What you should do ▸
Every picture should be left out, but the lines below must be repeated exactly.

Recorded information ▸
# # #

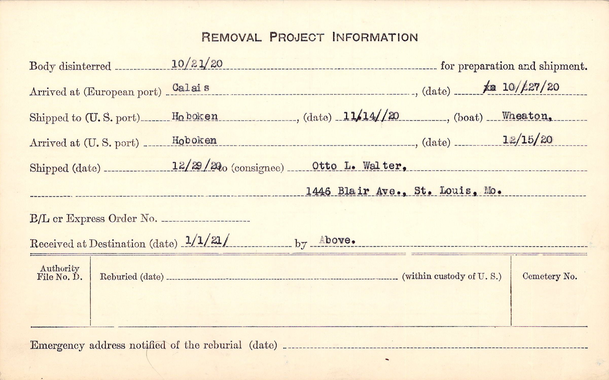 Body disinterred 10/21/1920 for preparation and shipment.
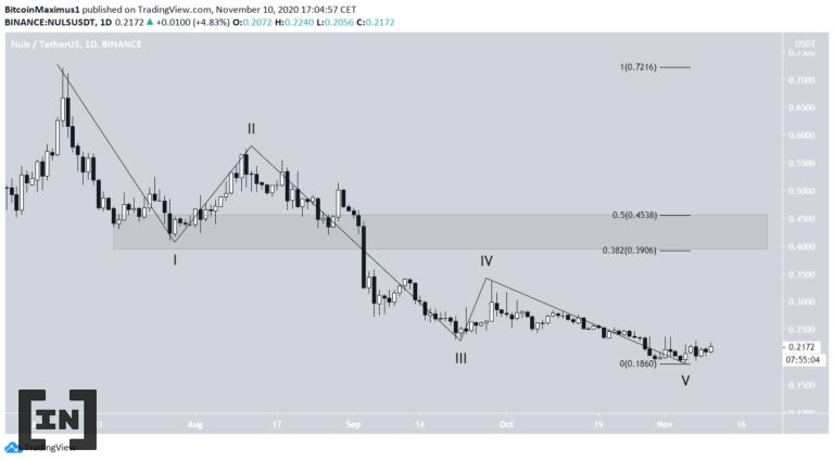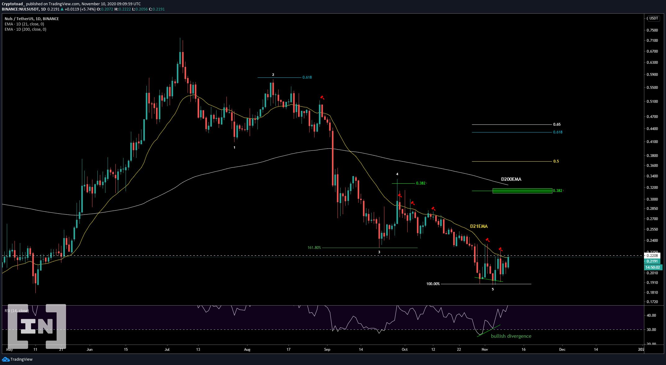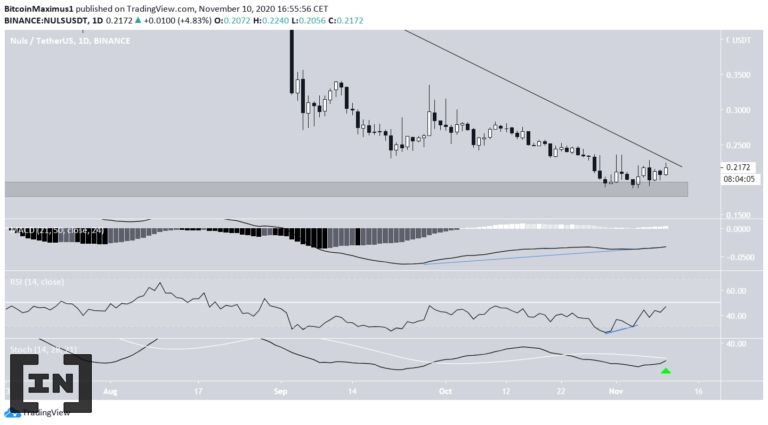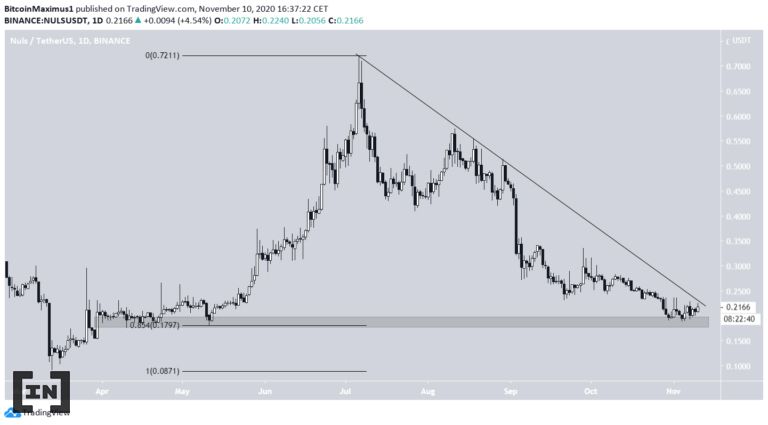 Kể từ đầu tháng 11, NULS đã di chuyển tiến gần đến vùng hỗ trợ 0.18 USD. Nó tương ứng mức Fibo 0.85 cho xu hướng tăng lên. Giá dường như chạm đáy thấp gần nhất sau đó di chuyển đi lên.
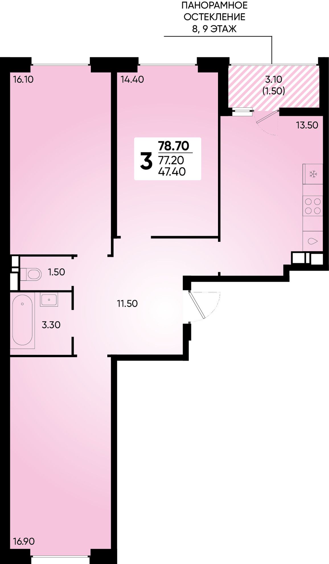 Общая площадь78,7 м²
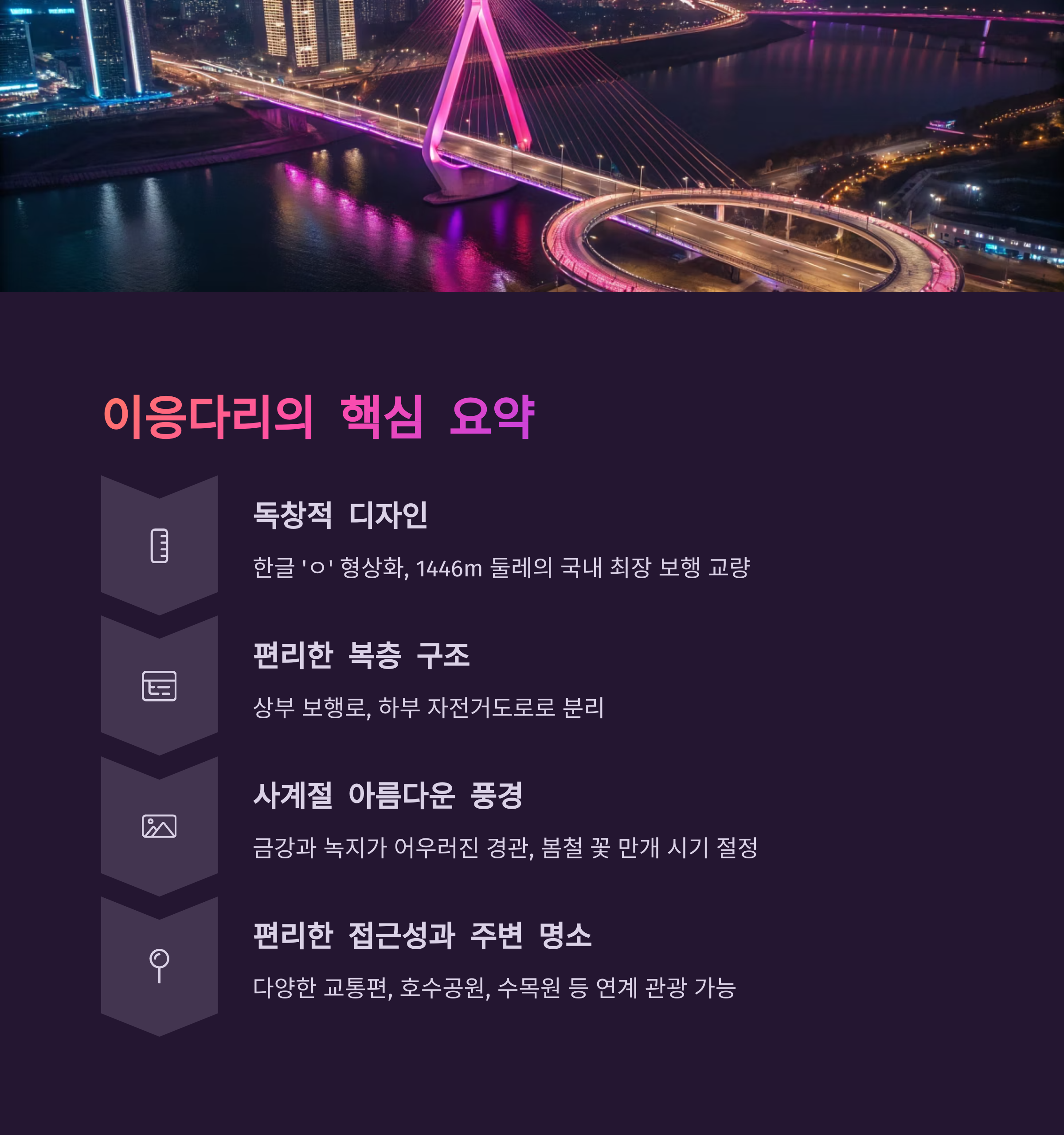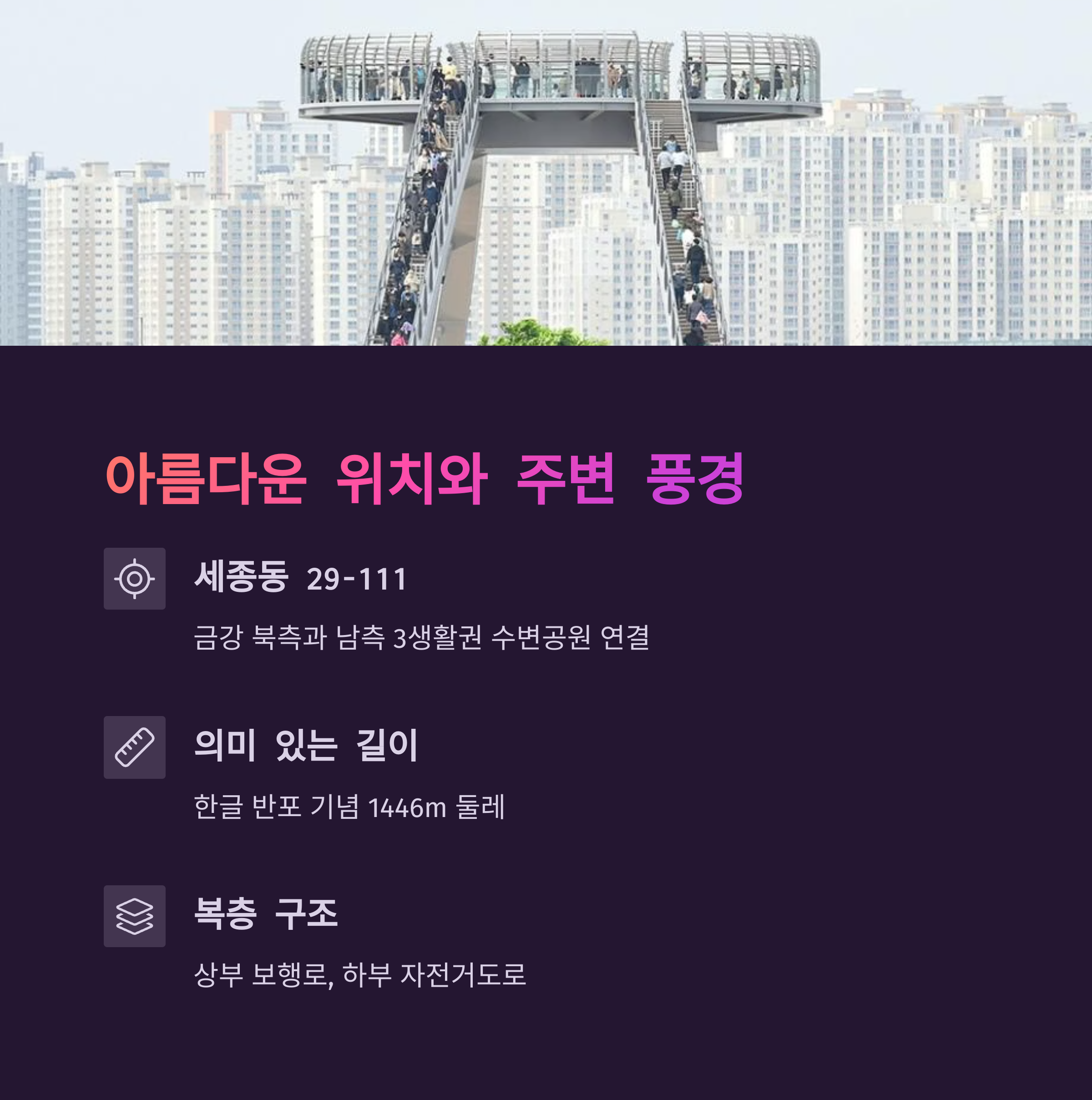 - 독창적인 디자인: 한글 'ㅇ'을 형상화한 둘레 1446m의 국내 최장 보행 전용 교량입니다.

# # #

Output of the exercise ▸
 Body disinterred 10/21/1920 for preparation and shipment.
 Kể từ đầu tháng 11, NULS đã di chuyển tiến gần đến vùng hỗ trợ 0.18 USD. Nó tương ứng mức Fibo 0.85 cho xu hướng tăng lên. Giá dường như chạm đáy thấp gần nhất sau đó di chuyển đi lên.
 Общая площадь78,7 м²
 - 독창적인 디자인: 한글 'ㅇ'을 형상화한 둘레 1446m의 국내 최장 보행 전용 교량입니다.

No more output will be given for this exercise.